Modeling the Weibull shape parameter to improve estimates of the annual wind energy potential in Sweden

Abstract: Wind energy is one of the fastest growing renewable energies in Sweden. To support this growth, it is essential to give stakeholders, such as investors, municipalities and policy planers, access to high accuracy and high-resolution wind speed data. Essential components for an accurate wind energy potential prediction are the average long-term wind speed and the probability of occurrence of wind speeds. The probability is usually modeled either by the Weibull probability density function (PDF) or the Rayleigh PDF. For the case of Sweden, the average wind speed and Weibull shape parameters, as the main components of the Weibull PDF were available. However, the accuracy of the shape parameter was unknown. This study evaluated whether there is a considerable difference between using the Weibull PDF or the Rayleigh PDF for assessing the annual wind energy potential at sites in Sweden. Due to the unknown accuracy of the shape parameter, a new model approach to model the shape parameter was proposed. A generalized additive model (GAM) was built out of the tested relationship between shape values at known locations and other geographical variables.

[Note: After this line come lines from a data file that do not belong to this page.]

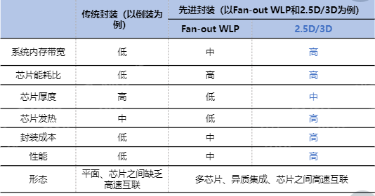 图:先进封装与传统封装简单对比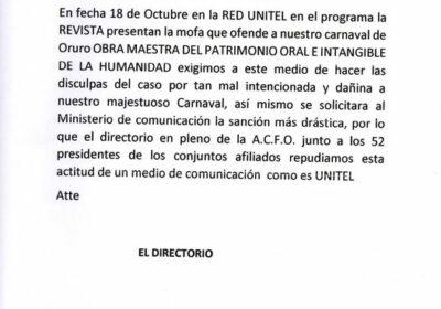 Asociación de Conjuntos Folcklóricos de Oruro exige disculpas públicas de un medio de comunicación 19/10/2021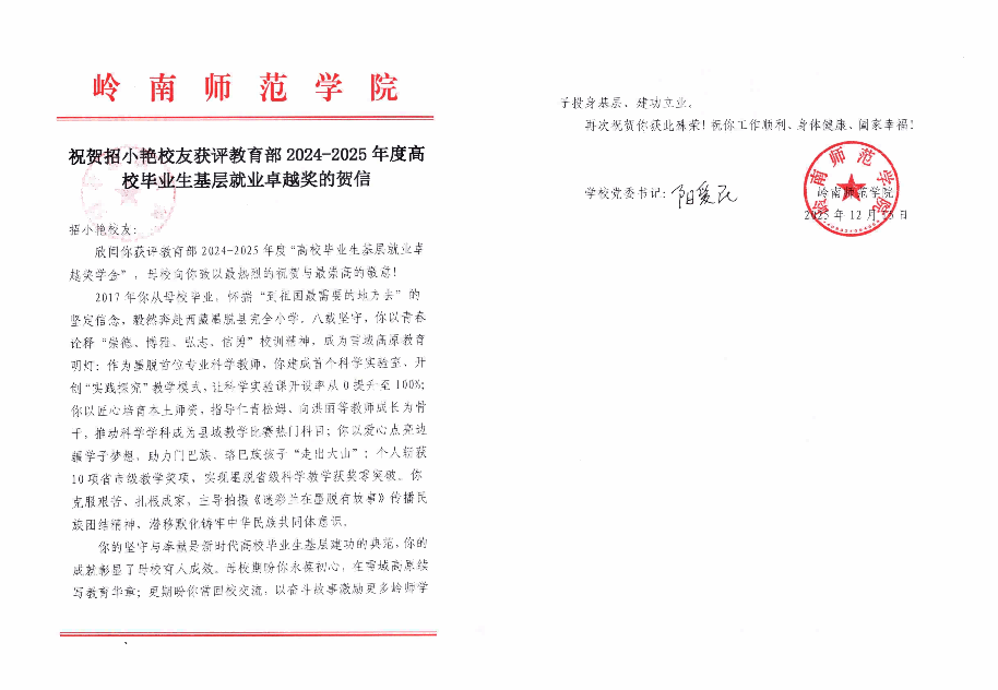 近日,教育部高校学生司公布2024—2025年度“高校毕业生基层就业卓越奖学(教)金”获奖名单,我校2017届本科毕业生招小艳荣获该奖项。作为全国418名(广东省仅16名)获此殊荣的优秀高校毕业生之一,她以八年雪域坚守诠释初心,用教育奉献书写担当,不仅成为岭师“崇德、博雅、弘志、信勇” 校训精神的生动践行者,也凸显了学校“援藏良驹”深耕基层就业育人的显著成效。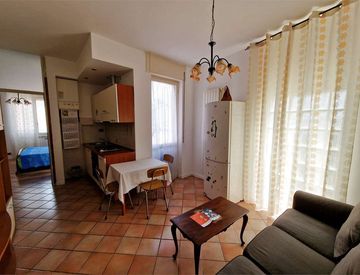 All'ingresso ci accoglie un soggiorno con cucina a vista, perfetto per momenti di relax e convivialità; proseguendo, troviamo un bagno finestrato con velux e vasca da bagno, e una spaziosa camera da letto ideale per il massimo del comfort.
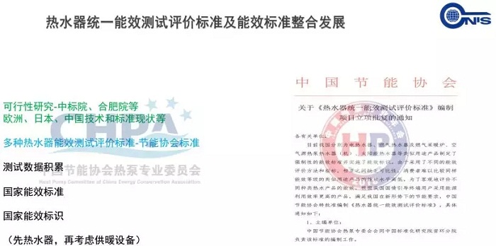 最后,為大家介紹一下統一熱水器測試方法的研究進展。為了落實國務院有關強制性標準整合的有關精神,2016年4月,由中國節能協會與中國標準化研究院聯合啟動熱水設備能效檢測方法與能效標準整合可行性研究第一次研討會,會議一致認為多種熱水器能效標識統一評價具有重要意義。由于統一評價的難度,由節能協會立項制定熱水器統一測試方法團體標準。
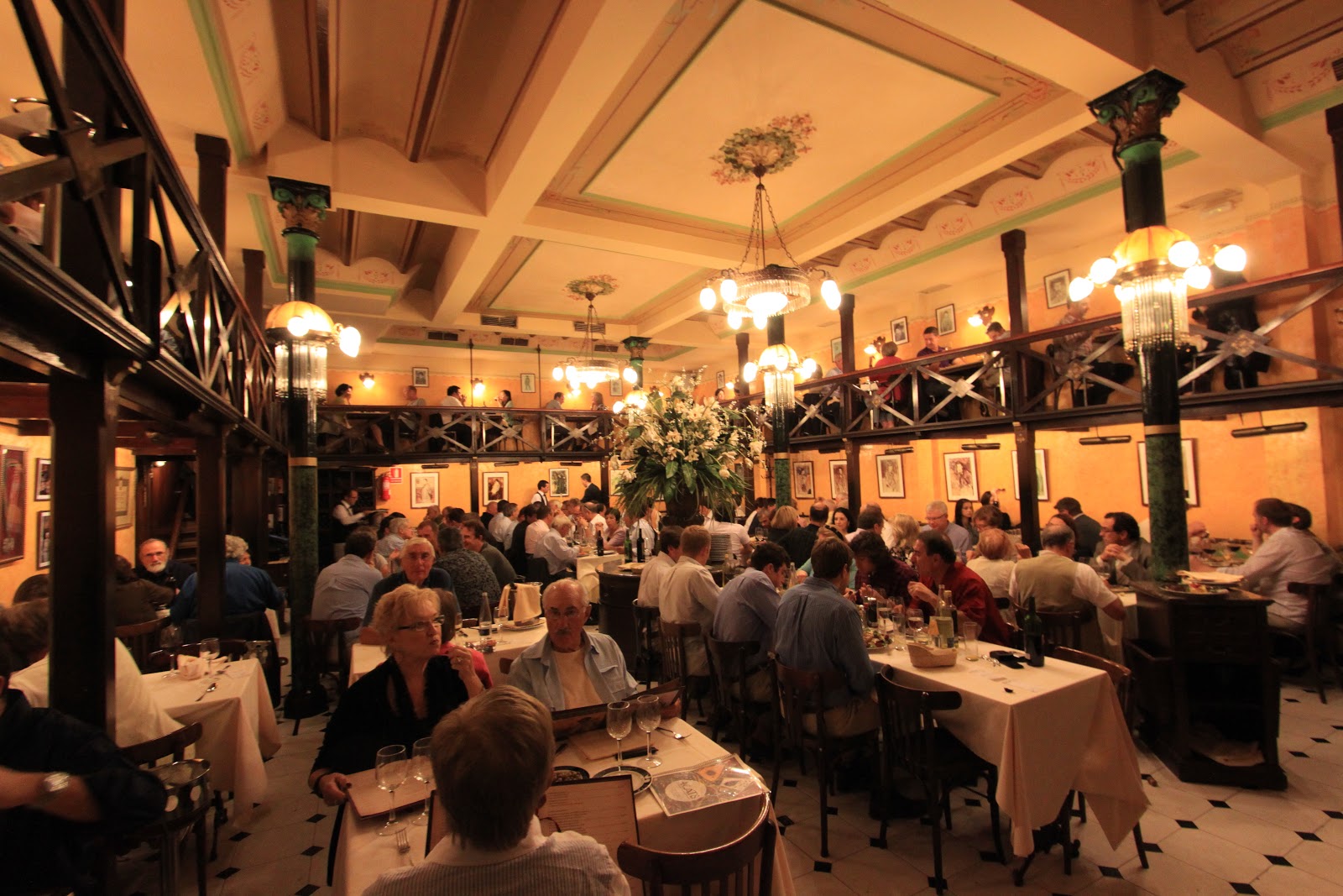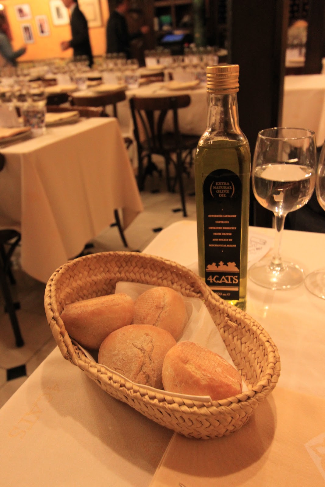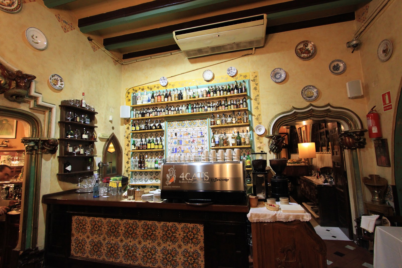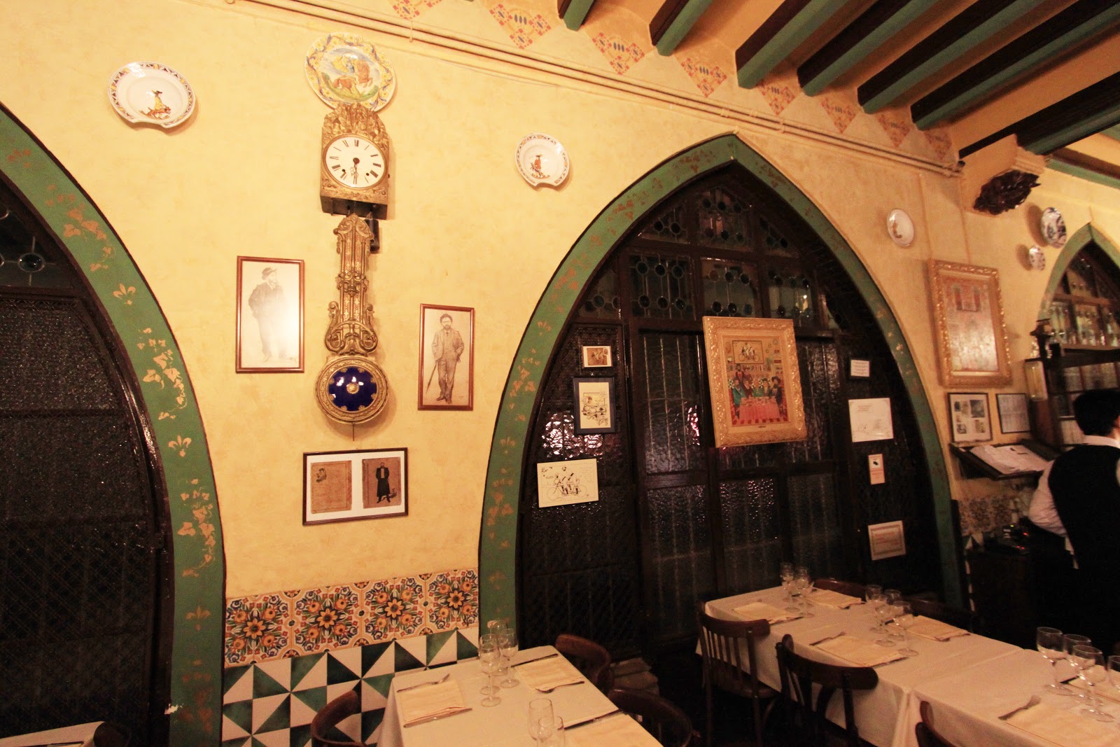 我們去有名的4 Gats吃晚餐,餐廳在用餐時段座無虛席,價錢也不便宜,我們點了牛排、豬臉頰海陸雙拼、燉魚+馬鈴薯。二十世紀初,4CATS經常聚集崇尚自由的波西米亞人與文人雅士,包括著名的畢卡索、達利、米羅、高第、羅卡等人,被稱作"四隻貓團體"。這些文人雅士所留下的草稿及塗鴉更成為咖啡館最重要的資產。餐廳使用的盤子、瓶子等器皿都有4 Gats的商標,畢卡索年輕時經常流連於4CATS咖啡館,更為咖啡館設計了第一份菜單封面,並沿用至今。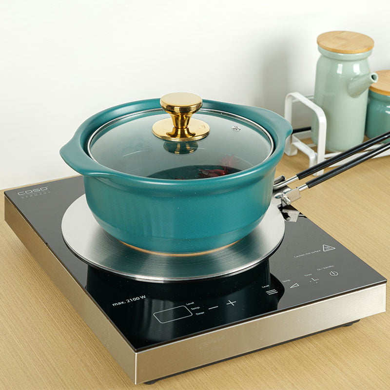 This induction plate adapter allows you to use all your regular pans on an induction surface.You can use this induction plate adapter for all of your kitchen pots (cast iron pot, enamel pot, coffee pot, glass pot, iron pot, stainless steel pot, aluminum pot and ceramic pot and so on)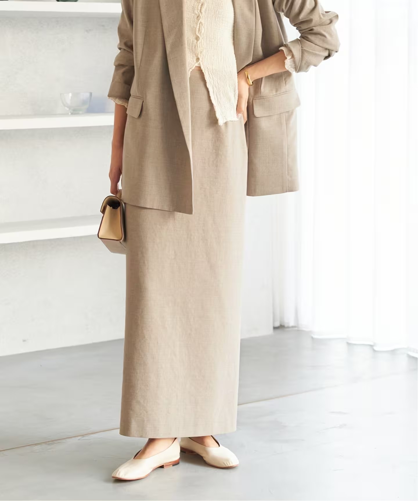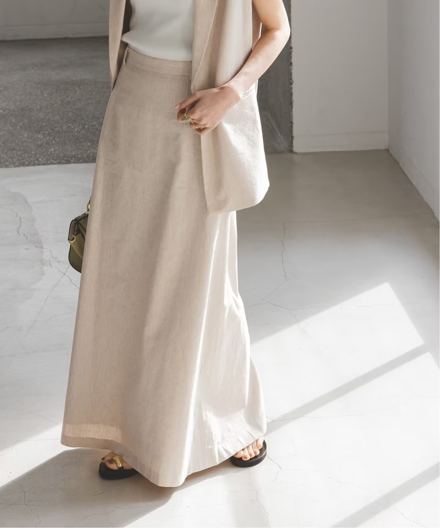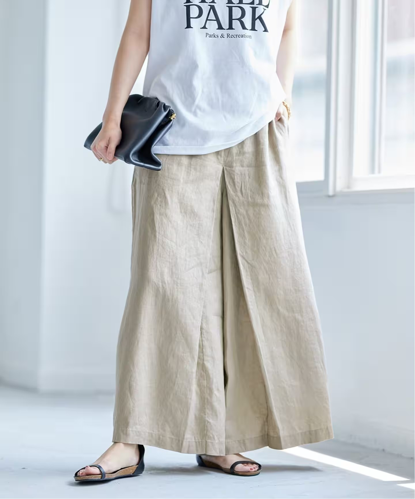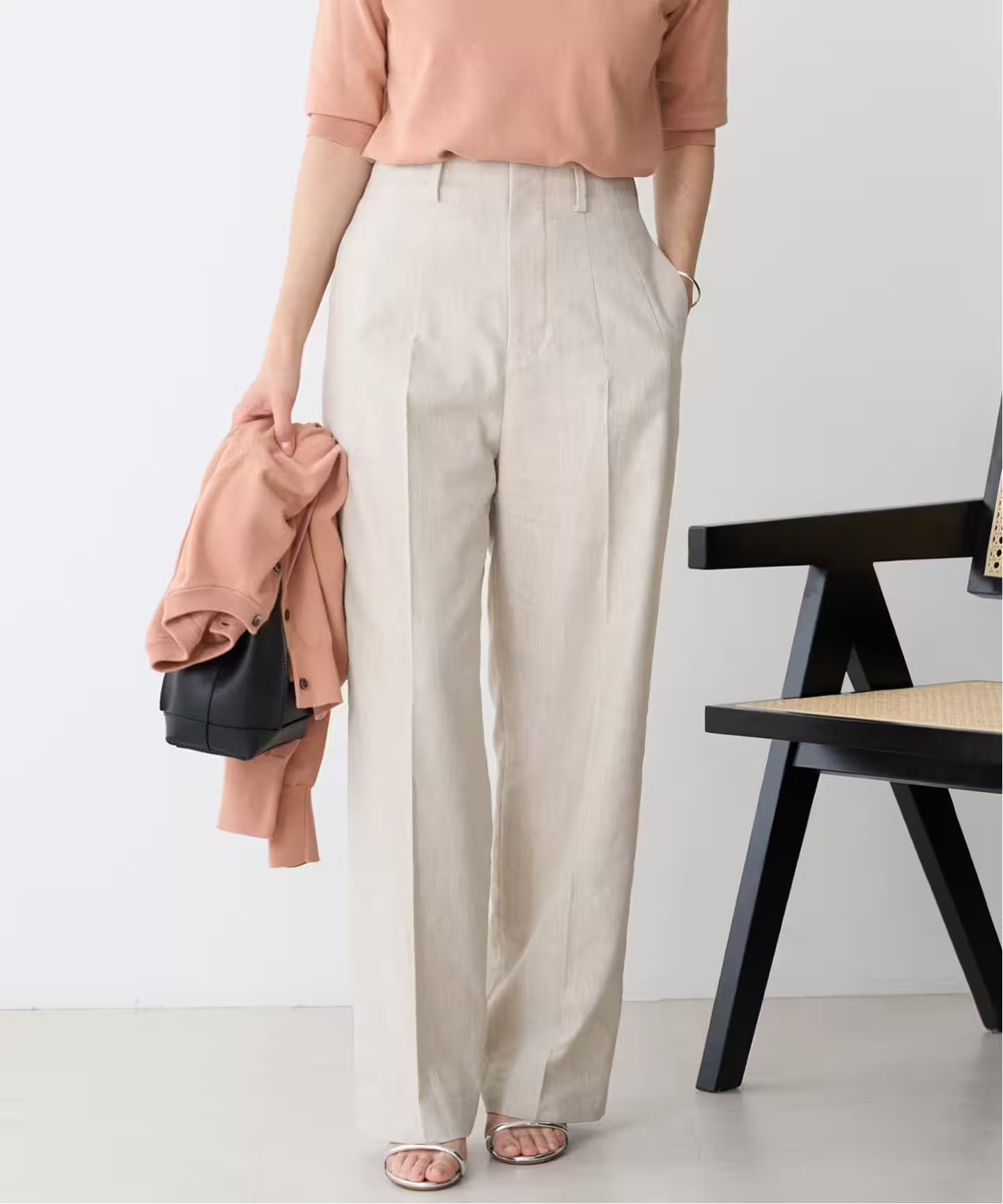 ベージュボトムスTシャツなどのカジュアルアイテムにつなぐだけでモダンに洒落るベージュボトムス。さらっとドライなリネン素材が春の狙い目。パンツはワイドストレートスラックス、スカートはマキシ丈を選ぶのが大人の最適解。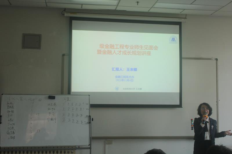 开学初始金融工程系迎来了新一届本专业的学生,利用专业师生的第一次见面会的时机,系主任兼支部书记王未卿老师专程为金融专业学生进行了金融人才成长规划的专题讲座。王老师首先欢迎金融专业又迎来了新鲜的力量,接着从金融专业的设立、发展到系所如今的现状,结合全球经济金融形势和我国的发展需求和新机遇,对金融专业人才培养和发展提出了成长规划和一些建议。针对不同年级和学生的不同成长阶段,王老师鼓励大家挖掘和发挥自我的优势,更好地交流学习,并有针对性地进行了规划指导。通过规划讲座,让刚刚进入专业领域的学生们,有更深入和全方位的对专业的初步理解,同时也更好地为今后的个人的专业发展做好了准备。

It was tested if the modeled shape values resulted in a considerably more accurate energy prediction than the Rayleigh PDF. The results showed that the accuracy of the Rayleigh PDF was considerable lower than the one from the Weibull PDF and the GAM model PDF. The study also showed that the Rayleigh PDF is probably only a good representation for the wind conditions in the southern third of Sweden and it underestimated the potentials in the northern parts considerably. The GAM model seemed to perform well, had a high accuracy and it’s predicted values were in line with literature. It proved to be a good alternative to model the Weibull shape parameter and to use it for wind energy potential predictions.